Dry syndrome is a relatively common self-immunizing disease that afflicts many patients and their families. The question of whether and how the disease is inherited has always been at the centre of concern.
Dry syndrome does not follow the classic Mendel genetic law, i.e. a simple genetic model determined by the explicit or implicit mutation of a single gene. It is a complex multi-genetic genetic disease, which means that the mutation of multiple genes plays a role in the onset of the disease and that these genes and environmental factors are interwoven and together affect the susceptibility of the disease.
Current studies have identified a number of genetic locations associated with dry syndromes, such as certain specific types in the human white cell antigen (HLA) gene family, such as HLA-DR3, HLA-DRw52 and HLA-B8, with a higher frequency among dry syndrome patients.

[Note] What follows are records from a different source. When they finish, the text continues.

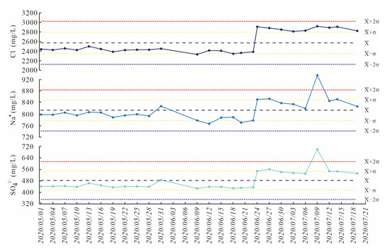 An MS5.5 earthquake occurred in the study region on 19 October 2022, close to the East Kunlun fault belt and spatially positioned 150 km southeast of the AK spring. Since May 2022, the project team has been conducting continuous measurements of the water chemistry ions at AK springs to continuously observe and collect data for the analysis of seismic efficiency. Water testing samples are collected at sampling points every 3 days and subjected to water chemistry measurements and mean-variance calculations. Any information pertaining to observed anomalies is documented. An anomaly is defined as a change in amplitude greater than ±2 times the mean variance. A positive high anomaly is defined as an increase in ion concentration that exceeds +2 times the mean-variance value. In contrast, a negative high anomaly is defined as a decrease that exceeds −2 times the mean-variance value. The negative ion concentration anomaly could be attributed to a relative increase in local atmospheric precipitation recharge and a relative decrease in fluids from deeper sources. The vast majority of seismic-fluid geochemical anomalies occur 3 months before and after an earthquake. These anomalies occur within a narrow range of distance, typically between 20 and 300 km from the epicenter [104]. The data processing results revealed that anomalies in Cl−, Na+, and SO42− ion concentrations occurred in the AK spring at the end of June 2022 (Figure 11). Positive anomalies of varying degrees in the ion concentrations occurred in the study region, possibly related to the MS5.5 (37.69 °N, 92.30 °E) earthquake that occurred on 19 October 2022. In the seismic gestation process, the deep fluid is transported upward along the fissure, and the water–rock interaction rate increases, causing the fluids containing Cl−, Na+, and SO42− at depth to be mixed with shallow fluids, resulting in varying degrees of change in the subsurface fluid components. Therefore, changes in the chemical ion concentrations are an evident response to seismic activity and require enhanced monitoring. Moreover, to provide a reliable basis for earthquake prediction, further intensive sampling and analysis of this hot spring in different seasons over a long period are required to exclude the possibility of randomness.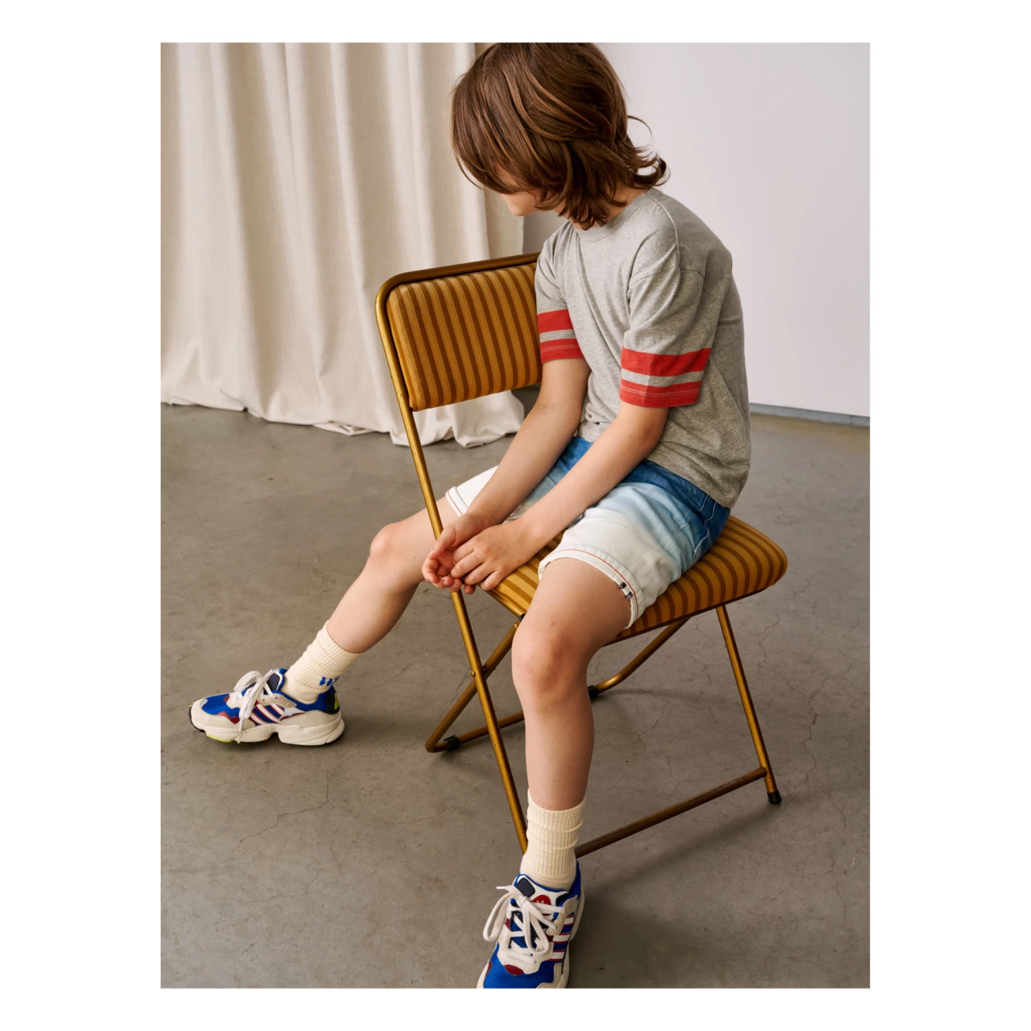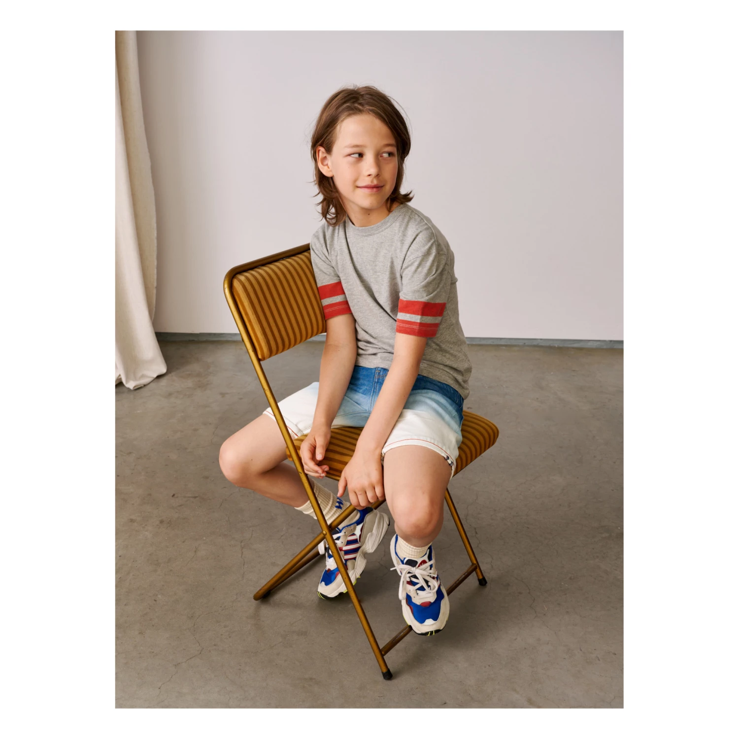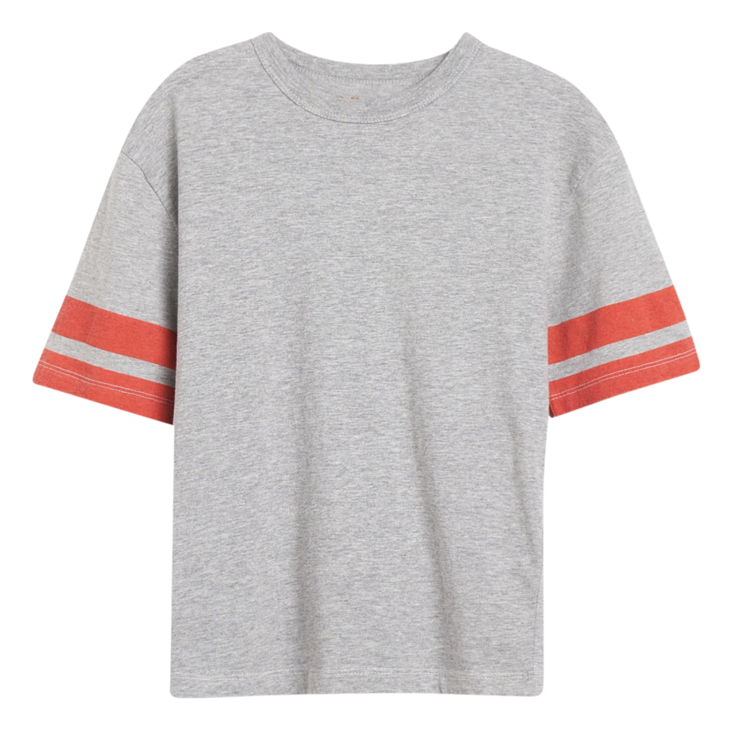 - Contrasting stripes, Crew neck, Top stitched, Short sleeves, Ribbed neckband, Comfortable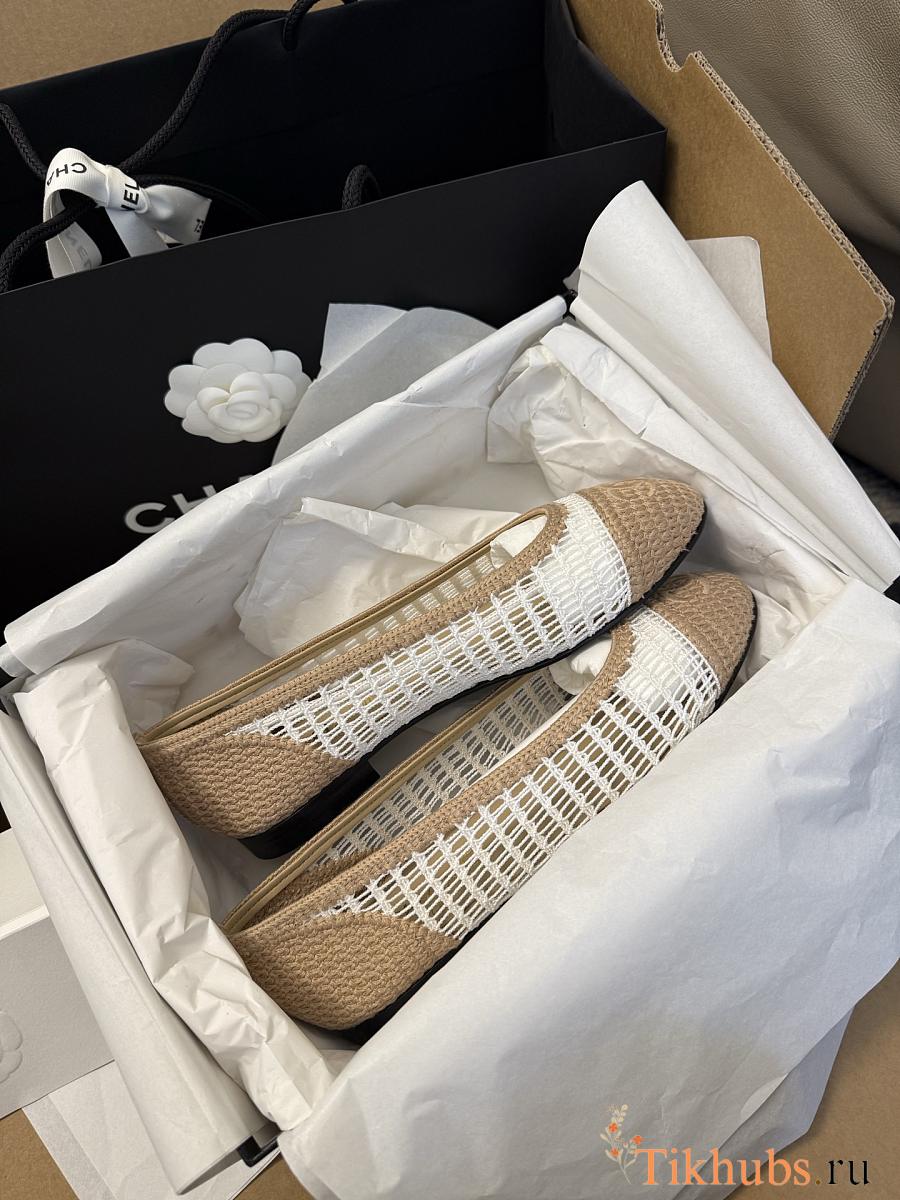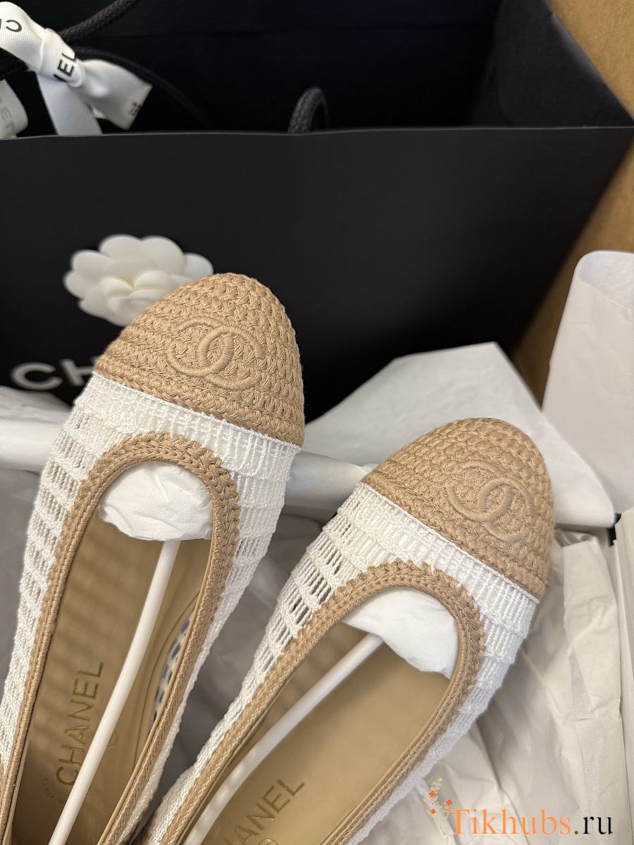 Chanel Ballet Flats Raffia White & Beige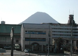 坂出駅の前には讃岐富士と言われている飯ノ山が頭をのぞかせている。 坂出を出ると車窓には坂出コンビナートが見えてくる。 琴平駅に降り立つと金刀比羅宮の門前町らしく石の灯籠が並んでいた。そして、広場には歌舞伎役者の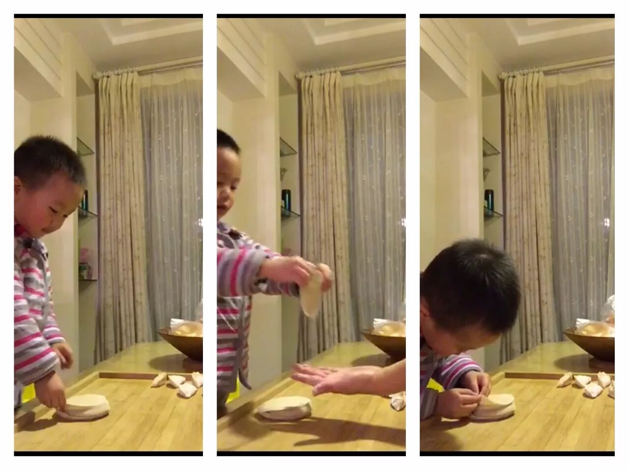 两岁多的小不点,看着我包饺子兴奋的要求加入,站在小板凳儿上学着我的样子,小心翼翼的将两张饺子皮分离,生怕戳破。在我包馅儿的时候,就两只小手儿拎着饺子皮儿耐心的等着,特别乖。一个完整的“运输”工作结束后,还不时地夸自己“真棒”。对于平时不爱动手的儿子,这个举动让我心里暖的不得了!孩子爸爸下班回家后,一家三口一起享用暖心饺子,真的很美味哦!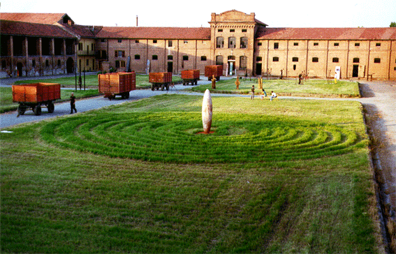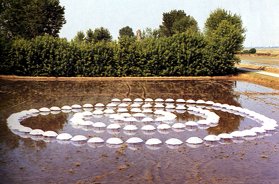 100 umbrellas in a rice field outside of the rice farm forming a celtic spiral. The same spiral mirrored inside the rice farm cut into the grass - Vercelli Italy

These genes are involved in human immune response regulation processes, and when they occur in a specific mix of variations, they can make the immune system of an individual more susceptible to abnormal activation, thus increasing the risk of dry syndrome. The mere carrying of these genes does not, however, mean that there is a certain risk of disease, but the likelihood of it is relatively high, driven by specific environmental factors.
Environmental factors play an indispensable role in the onset of dry syndromes and interact with genetic factors. For example, certain viral infections (e.g. EB viruses, retrovirals, etc.) can trigger an abnormal response from the immune system, making individuals who are already genetically sensitive more susceptible to dry syndromes. In addition, long-term exposure to specific chemical substances, high life stress, poor living habits, etc. can also have an impact on the immune system, and thus on the synergy with genetic factors that contribute to disease.
From a family genetic point of view, if there are dry syndrome patients in the family, the probability of other relatives suffering from dry syndrome or other self-immunizing diseases increases, but this increase is relatively small and is often manifested by a combination of factors. For example, in some families, there may be cases of dry syndrome between mother and daughter, sister or grandchild, but at the same time it may be observed that even direct family members are not all likely to suffer from the disease and that the severity and symptoms of the disease may vary.
For those with a history of drying out syndromes, while it is not possible to change genetic factors, the risk of disease can be reduced by adjusting lifestyles. Maintaining a balanced diet and ingestion of nutritious foods helps to maintain the normal functioning of the immune system; moderate physical exercise enhances physical health, reduces stress and regulates the immune balance; and avoiding long-term exposure to harmful substances and environments and reducing the risk of infection, measures that may reduce to some extent the incidence of dry syndrome or delay the development of disease.
The genetic method of drying out syndrome is a complex multigenetic model in which genetic and environmental factors interact and interact. Understanding this is important for people with family history, helping them to become more rational about the disease, to take active preventive measures and to better respond to potential health challenges and to safeguard their health.